Lorlatinib is highly effective in overcoming ALK mutants, such as I1171N and V1180L, which cause acquired resistance to alectinib9. Indeed, lorlatinib suppresses cell growth and induced apoptosis in alectinib acquired resistance PDCs, MCC003 cells, which harbor the I1171N mutation. In contrast; the MCC003 cell remains after a high concentration of lorlatinib treatment. In addition, ALK-I1171N secondary mutation-mediated alectinib-resistant cells, which are thought to be sensitive to lorlatinib, show a similar persister phenotype like the residual cells and are further sensitized to lorlatinib by GSK3 co-inhibition. Thus, further investigation using acquired resistant models with ALK mutations may reveal that inhibition of GSK3 is effective against acquired resistance in an ALK-dependent manner.

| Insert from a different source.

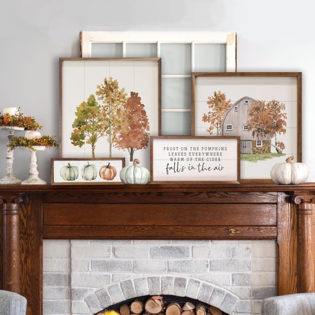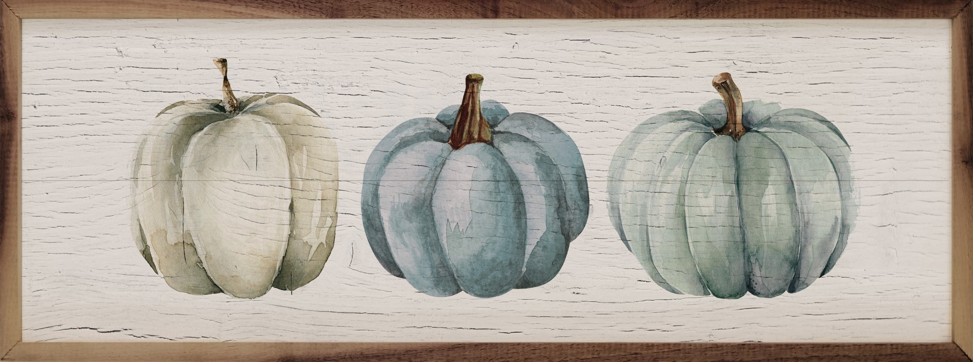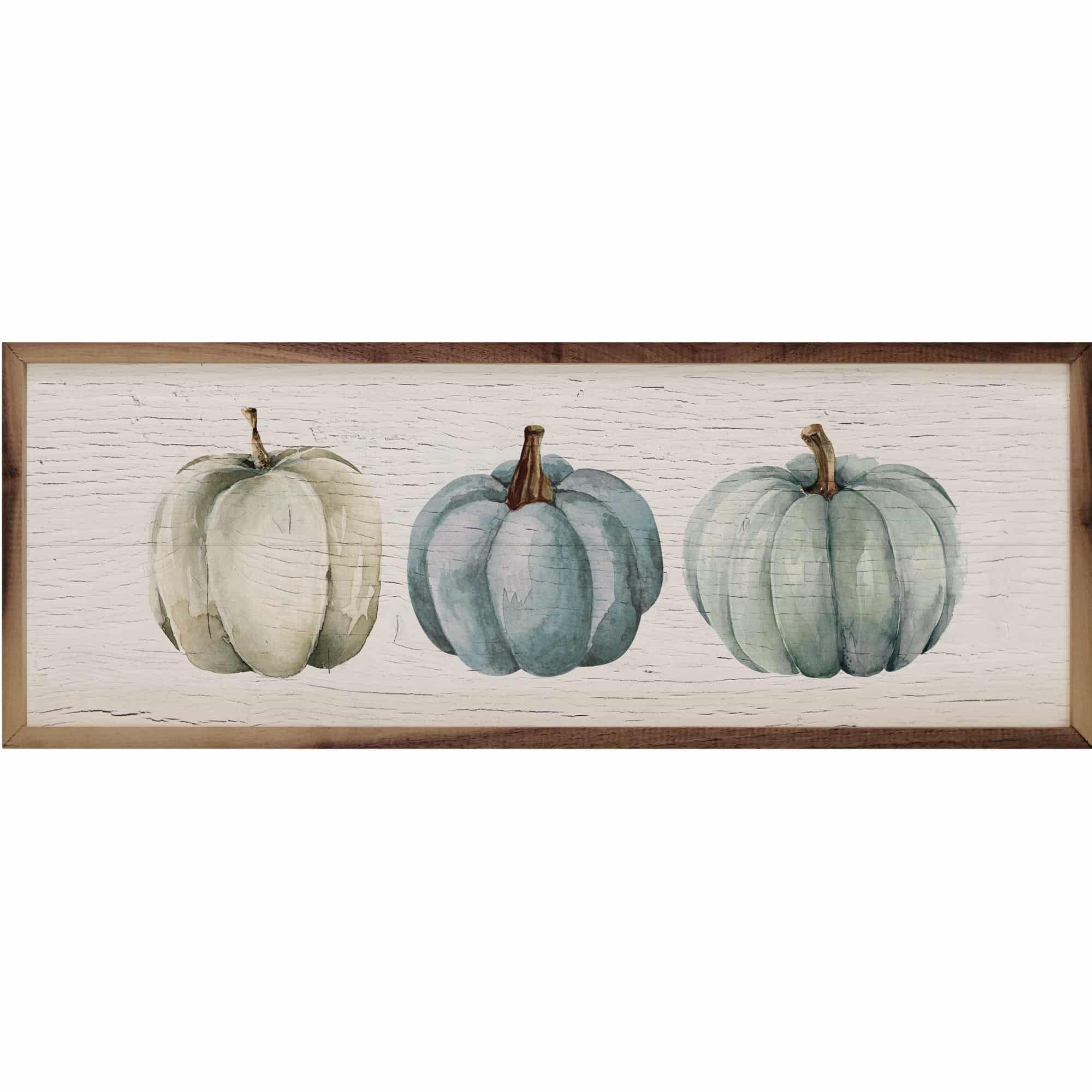 We are thrilled with the new trend in fall design that brings blue tones into the autumn color palette!! One of our favorites is the Pumpkins Blue Whitewash Wooden Sign. The sign features a trio of softly-shaded pumpkins in soft cream and dusty blues. The sign is unique in its horizontal format, (wider than it is tall) and the aged whitewash background adds character to its rustic appearance. The finishing touch is a wooden frame in a warm, natural tone that completes the overall design perfectly.

Src family kinases, especially Src, and EGFR are key players in mechanisms underlying acquired resistance to ALK-TKIs, including lorlatinib19,28,34–37. Dual inhibition of Src family kinases and EGFR combined with lorlatinib might be an effective strategy for overcoming acquired resistance to ALK-TKIs, including lorlatinib. In particular, the Src family kinase inhibitor dasatinib significantly demonstrates growth suppression in lorlatinib intermediate resistant cells and acquired resistant cells, suggesting that Src family kinases are also core molecules involved in the survival of lorlatinib intermediate resistant cells and acquired resistant cells, the same as GSK3. Indeed, Src and EGFR have crosstalk by activating each other38–40, and Src is reported to phosphorylate and activate GSK3 directly41. In this study, a single knockdown of GSK3 and Src partially restored the sensitivity of lorlatinib. In addition, LY2090314 and dasatinib combined with lorlatinib suppressed the phosphorylation of GS, which was not completely reduced by lorlatinib monotherapy in lorlatinib intermediate resistant cells and the acquired resistant cells. These results suggested that GSK3 and Src might have crosstalk and share the same downstream signals. However, our result also indicated that dependency on GSK3 and Src is different across resistant cells. Thus, in the future, it is needed to clarify molecular markers able to identify which targets are most beneficial targets in each cell to completely suppress the growth of both lorlatinib intermediate resistant cells and cells with acquired resistance to ALK-TKIs.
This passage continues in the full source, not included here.